Personal information
- Full name: Dominic Anthony John Rigby
- Born: 17 November 1970 (age 55) Ayr, Ayrshire, Scotland
- Batting: Right-handed

Domestic team information
- 2002–2003: Scotland

Career statistics
| Competition | List A |
| Matches | 2 |
| Runs scored | 19 |
| Batting average | 19.00 |
| 100s/50s | –/– |
| Top score | 15* |
| Catches/stumpings | 1/– |
- Source: Cricinfo, 20 June 2022

= Dominic Rigby =

Scottish cricketer and administrator

Dominic Anthony John Rigby (born 17 November 1970) is a Scottish former cricketer and administrator.

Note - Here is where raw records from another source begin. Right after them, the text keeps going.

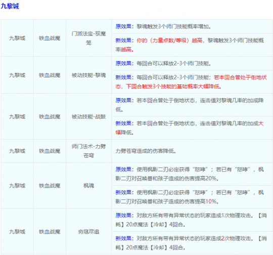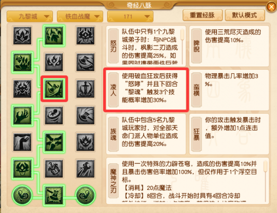 随着门派调整正式落地,总体削弱,不过实际pve与pvp经脉点法与此前基本一致,没有什么变化。值得注意的是,门派调整链接页面的一条红字【说明:也许在未来某一天,九黎城也会放下蚩尤战士的矜持,拥抱更多的少侠......】 (注:本文为基于目前测试版本做出的个人推荐,如全服版本出现微调,请留意论坛攻略版块的后续更新。) 1、pve经脉说明 任务常规点法为211121或212121。 第一层、第二层和第四层的怒刃、睥睨和蛮横,很直观的增加了枫影二刃与三荒尽灭的输出及暴击率,点了即刻生效;第五层选择族魂虽然没什么用,但是如果选择擎天,铁火双扬开局就会有6回合cd,对局快节奏的任务而言反而是反面效果;第六层暴击增加连击值可以让次回合刷三技能的概率增加,而且与第四层的蛮横更适配;值得注意的是第三层,如果有破血,可以选择凌人,配合愤怒符的首回合破血以及次回合大概率三技能加怒哮,可以大幅提升任务效率,如果没有破血那就选择飞扬。 2、pvp经脉说明 pvp中最常见的点法即为123232。虽然第一层的枫魂降低了10%的后续伤害,但依旧为必点技能,枫影三荒接力劈小连招的核心经脉;关于第六层,虽然穷寇尽追获得了加强,但是依旧不足以代替驭魔笼的效果。 此外,诸如帮战双龙等快节奏pvp,第一层可以选择右丹的震怒,开场获得怒哮直接三荒力辟打快攻。 本次门派调整对九黎影响颇大,倒地后几乎彻底失去进攻能力,带有九黎的队伍该如何思考对战决策是一个新的难题。此外,尽管牺牲属性也推荐堆蓝字奇袭法术,这样一来,即便倒地,若触发奇袭法术,你也是1+2=三技能,依旧可以一套小连招。 特别说明:本文仅代表个人观点,不代表游戏或官方论坛立场。 叶子猪梦幻西游玩家群:1群 325703083 (2000人),2群: 330102322 (千人);3群: 424986787 (游戏疑难解答);4群: 330518295 (商人物价);5群: 1063086037 (疑难解答);6群: 1045753197 (春心萌动);7群: 787195090 (活跃互动);8群: 720665628 (全民PK) [编辑:百晓生]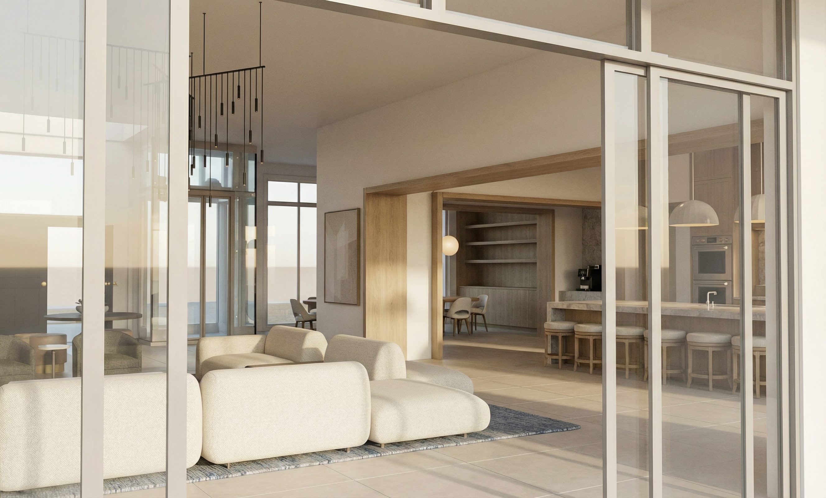 realistic lighting and ambiance hyperrealist photo light beige matte 48 square floor tile all woods are a light neutral oak white quartz countertops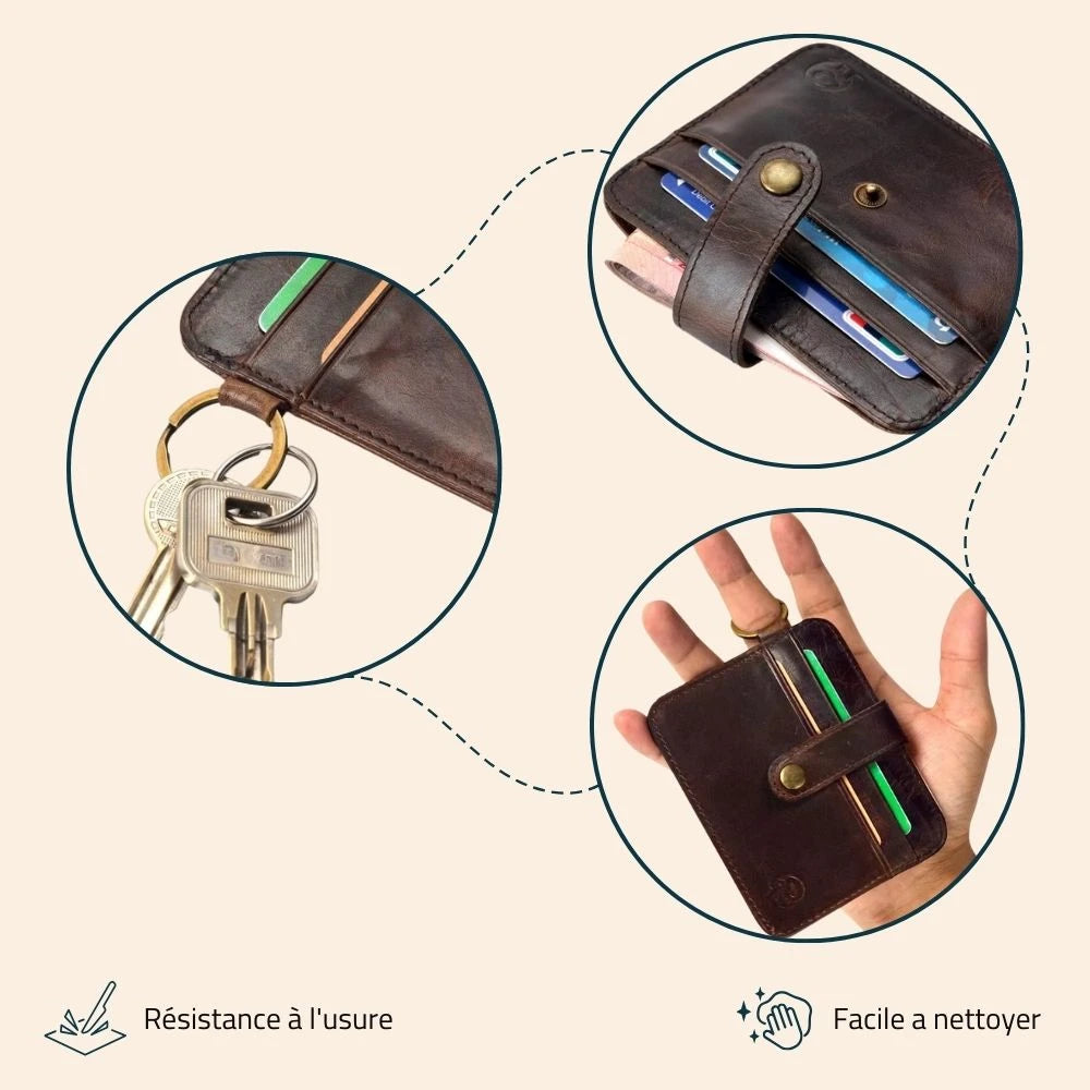 Oui, un porte-clés intégré permet d’attacher vos clés directement dans le porte-monnaie, offrant une solution pratique et compacte.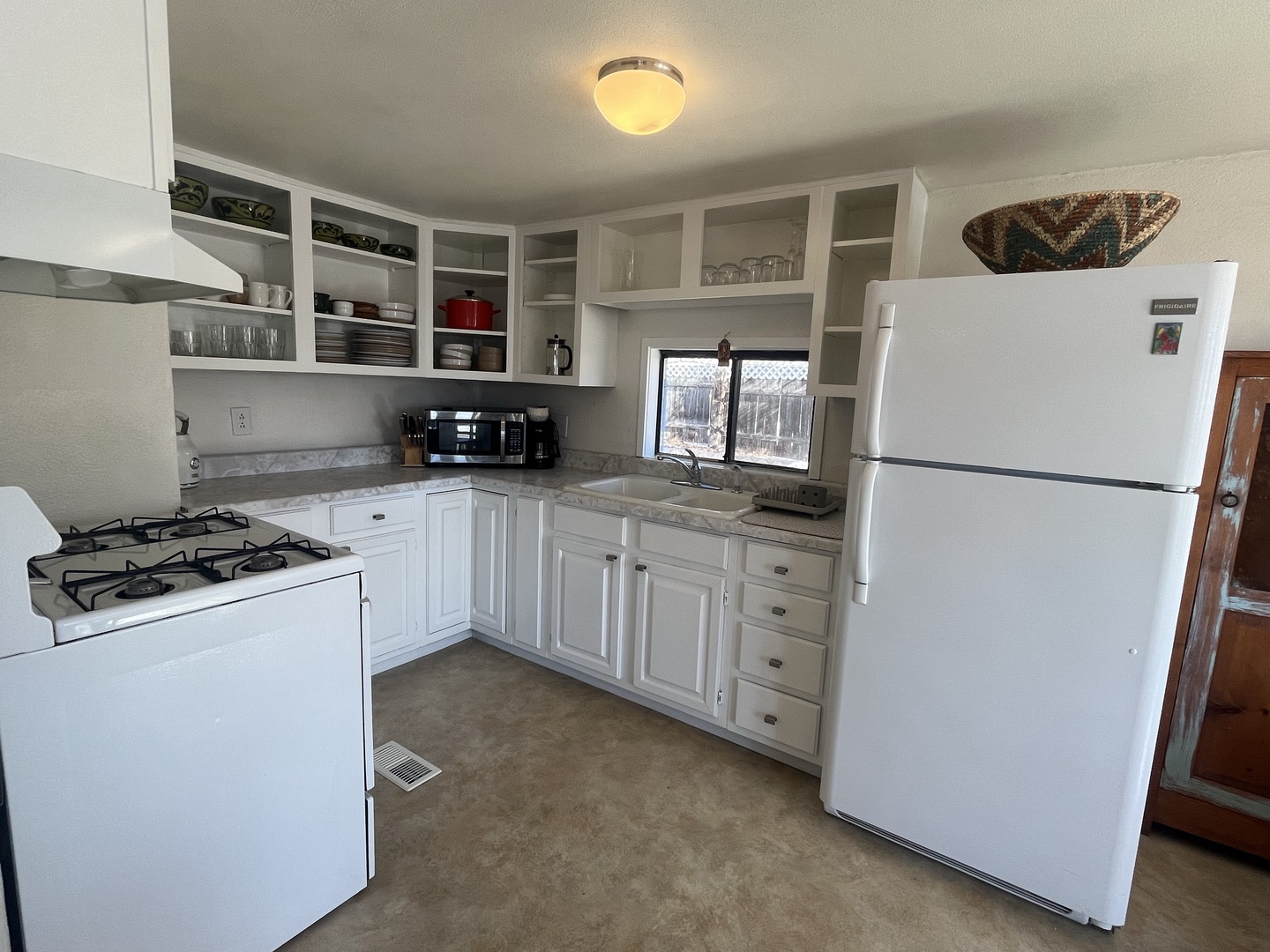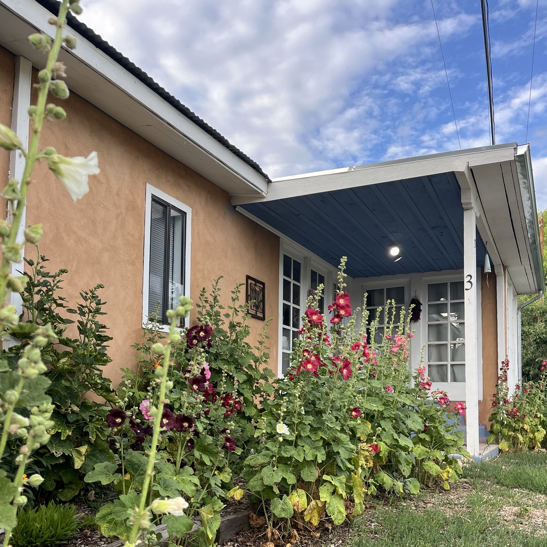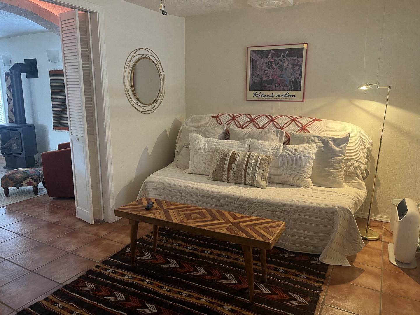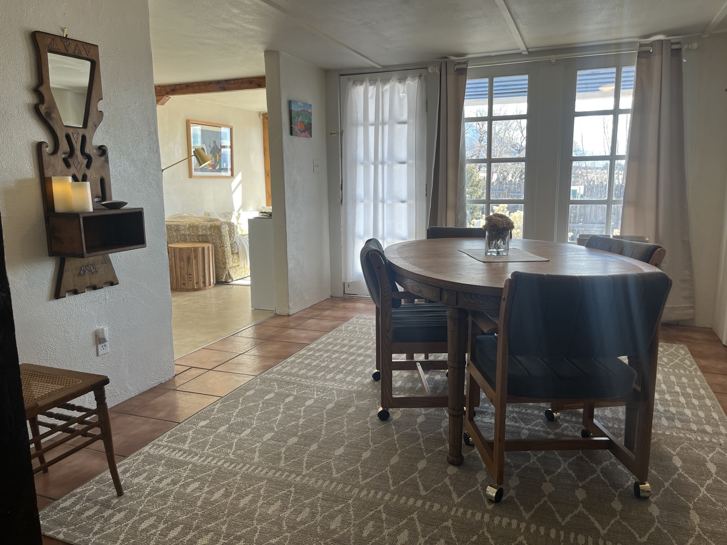 A sweet little place with lots of light and comfort, lovingly renovated and perfect for a carefree getaway in the heart of historic artisan village of Arroyo Seco. The home is comprised of one large primary bedroom with comfortable queen bed, a twin trundle bed room, and third sleeping space off the living area with a couch/full futon sleeping space and smart TV. There are two full hall baths, one wiht shower and the other with tub/shower combo. The spacious living room features a sectional sofa, coffee table, and two seats with footstools. The dining table seats 4 but there are two spare dining chairs in the futon room incase you need to seat a few more. The kitchen is simple, but well appointed and stocked for basic cooking and baking with a 4 burner gas stove and oven, microwave, drip and french press coffee makers, and full sized fridge. A full size washer and dryer fit neatly in a laundry closet. All needed kitchen, bath and laundry amenities are provided. The sun room area is just off the kitchen, and this is the perfect spot for sunny cat naps, cups of tea with a favorite read, or when you have to stay home and work on the computer while your mates are out playing in nature.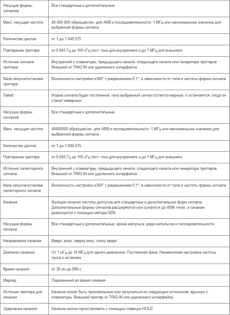 Все формы сигналов можно запустить с помощью триггера, каждая кромка триггера создает один запуск несущей частоты. Фазы запуска и останова являются переменными. Режимы триггера и запуска можно реализовывать с помощью внутренних триггерных генераторов, от соседнего канала, внешнего источника, клавиши или удаленной команды. Сигнал триггерного генератора можно при необходимости выделить отдельно.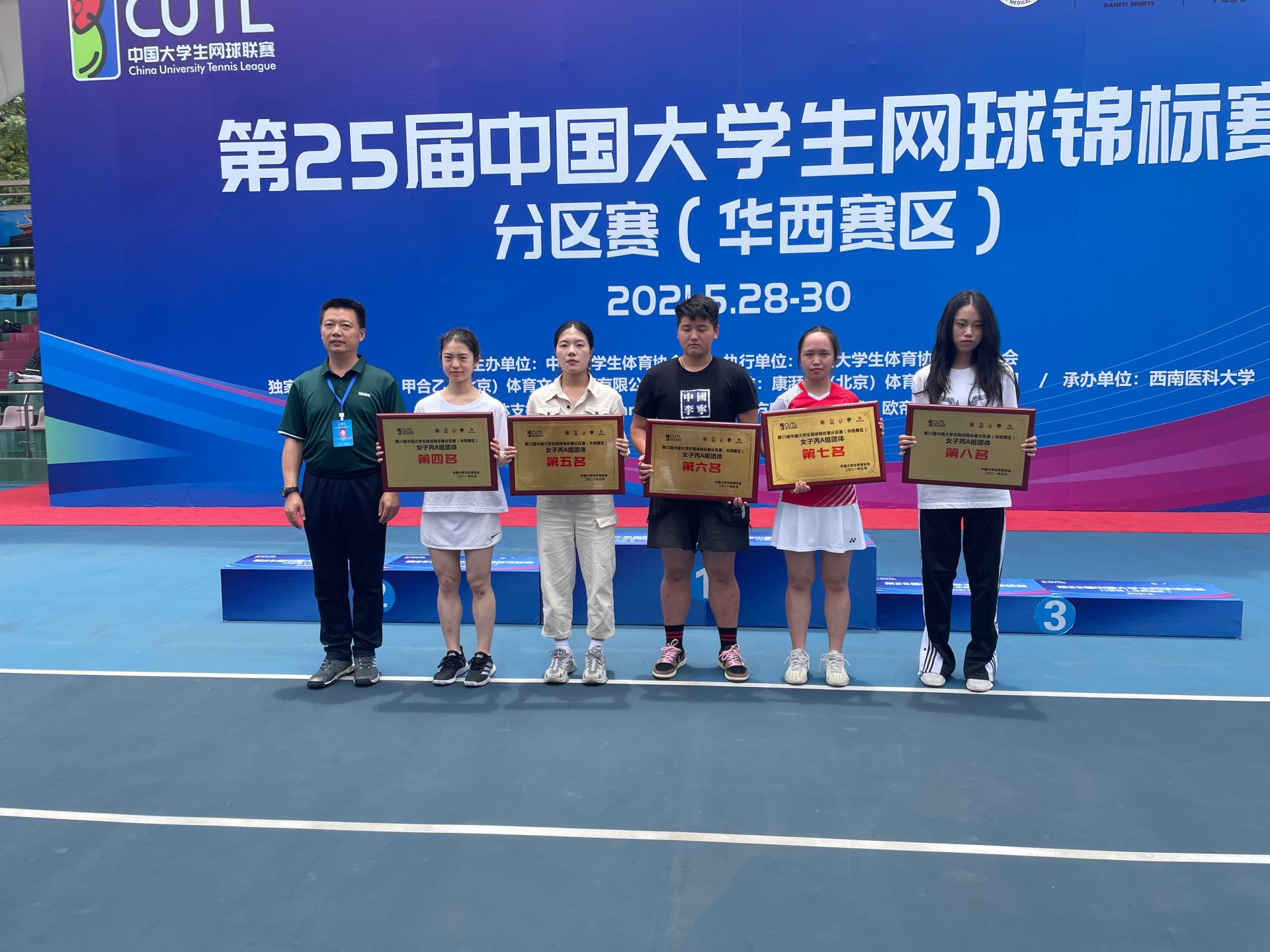 5月30日,由中国大学生体育协会主办,西南医科大学承办的第25届中国大学生网球锦标赛分区赛(华西赛区) 在泸州奥林匹克体育公园网球运动中心圆满收官。乐动(中国)网球队取得优异成绩,获得男子甲组团体亚军,男子丙A组团体季军,女子丙A组团体第四名。参加三个组别均成功出线,将在全国总决赛中与其他7个赛区的优秀队伍再较高下。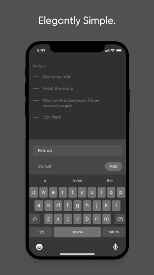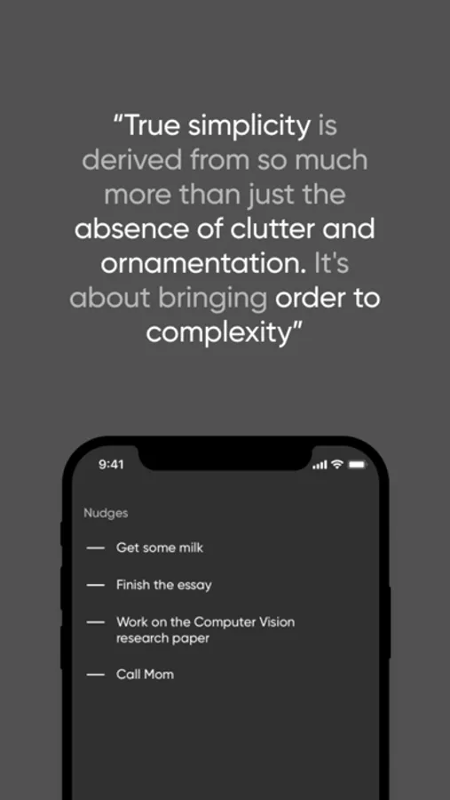 Nudges is an uber minimalist to-do app. It is designed to be quick, easy and distraction free. Just add a task and swipe to delete it and tap to edit it, it's as simple as that.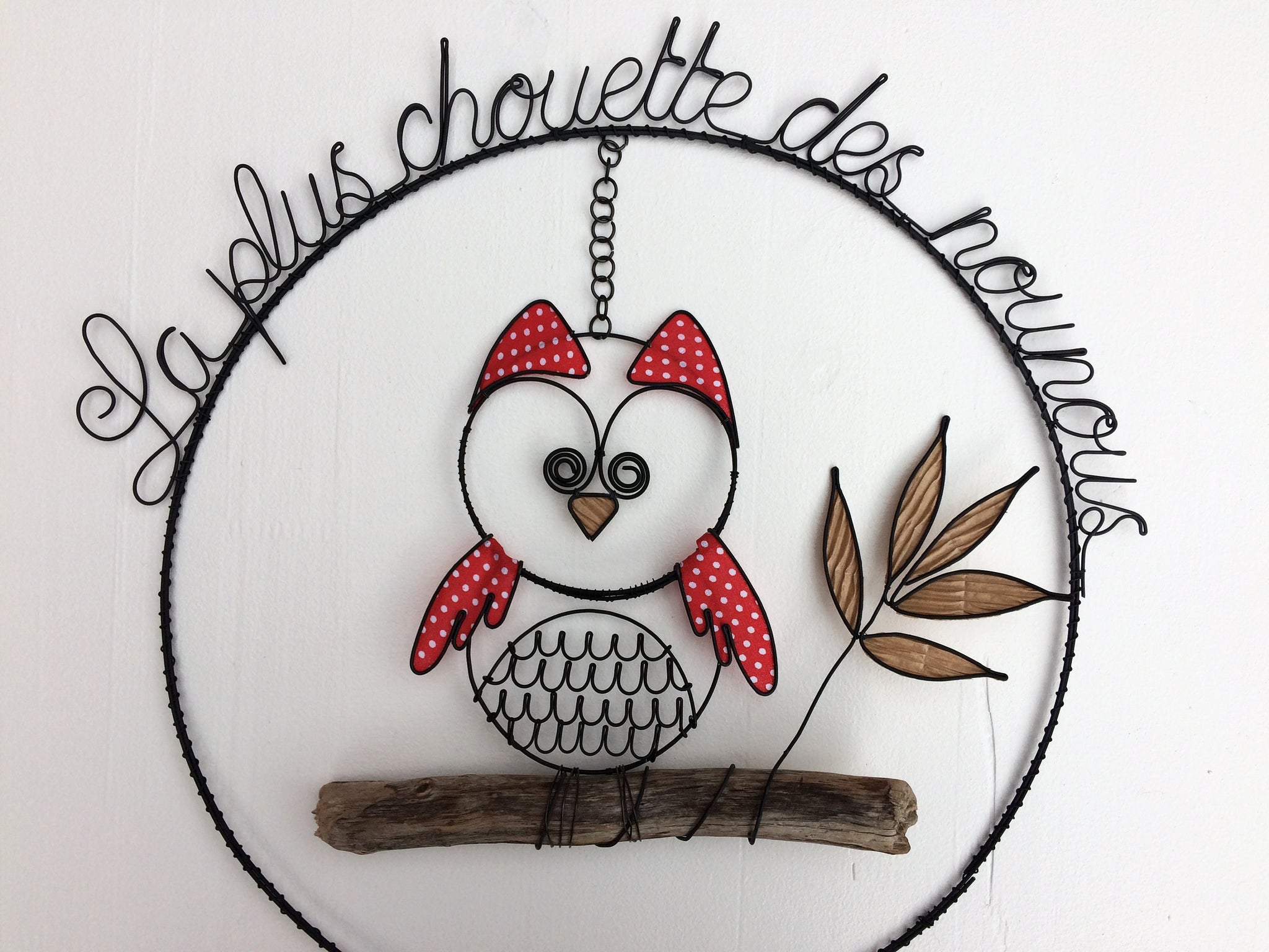 Chouette hibou en fil de fer recuit, cadeau nounou, bois flotté, déco nature, décoration maison, oiseau décoratif, cadeau phrase fil de fer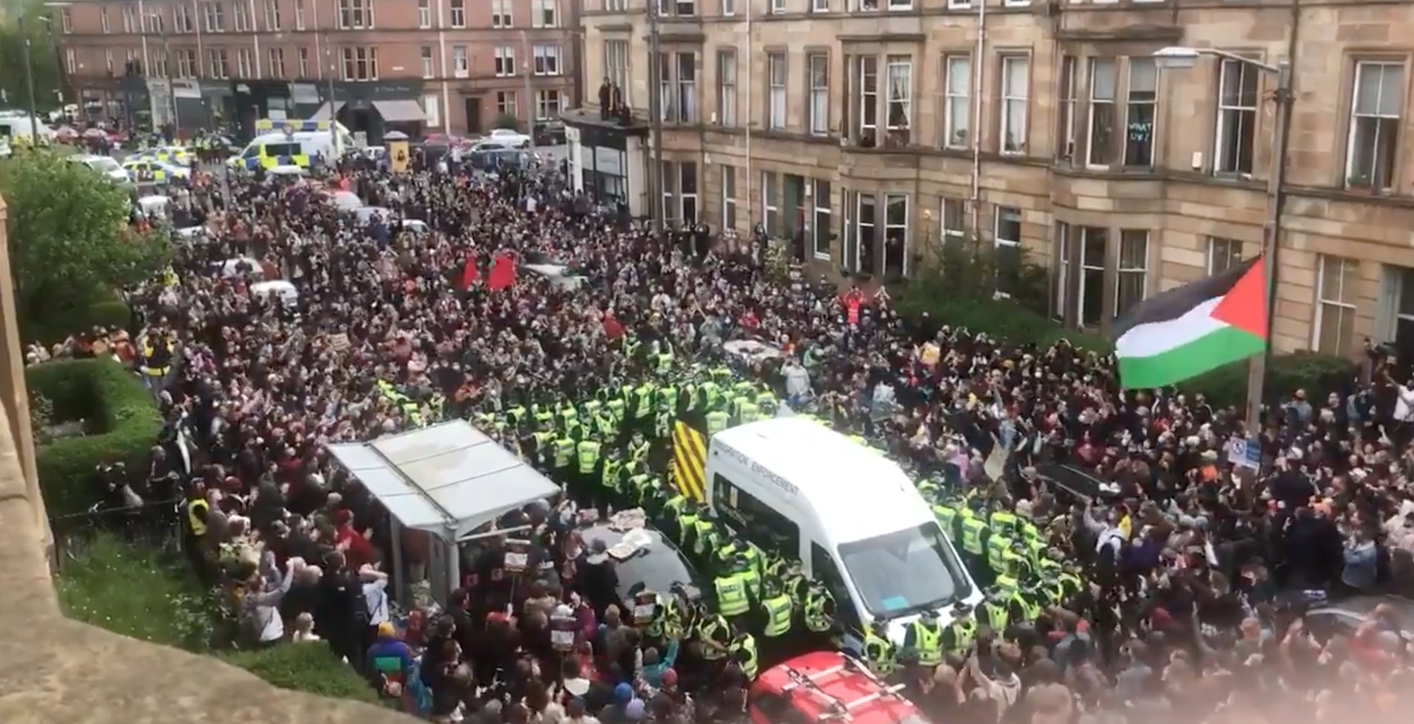 Centenars de veïns de Glasgow eviten una deportació blocant un vehicle policíac entrevista

Rigby was born at Ayr in November 1970. He initially played club cricket in Scotland for Prestwick Cricket Club, he was a member of Scotland's fifteen man squad which toured Zimbabwe in 1994, where he played minor matches against Zimbabwean provincial sides. Rigby later played two List A one-day matches for Scotland against the Lancashire Cricket Board at Aberdeen in the 2nd round of the 2003 Cheltenham & Gloucester Trophy (played in 2002) and Somerset at Edinburgh in the 3rd round of the same competition (played in 2003). He scored 19 runs in these matches, with a highest score of 15 not out against the Lancashire Cricket Board. Rigby later played club cricket in Ireland for Clontarf Cricket Club until 2013.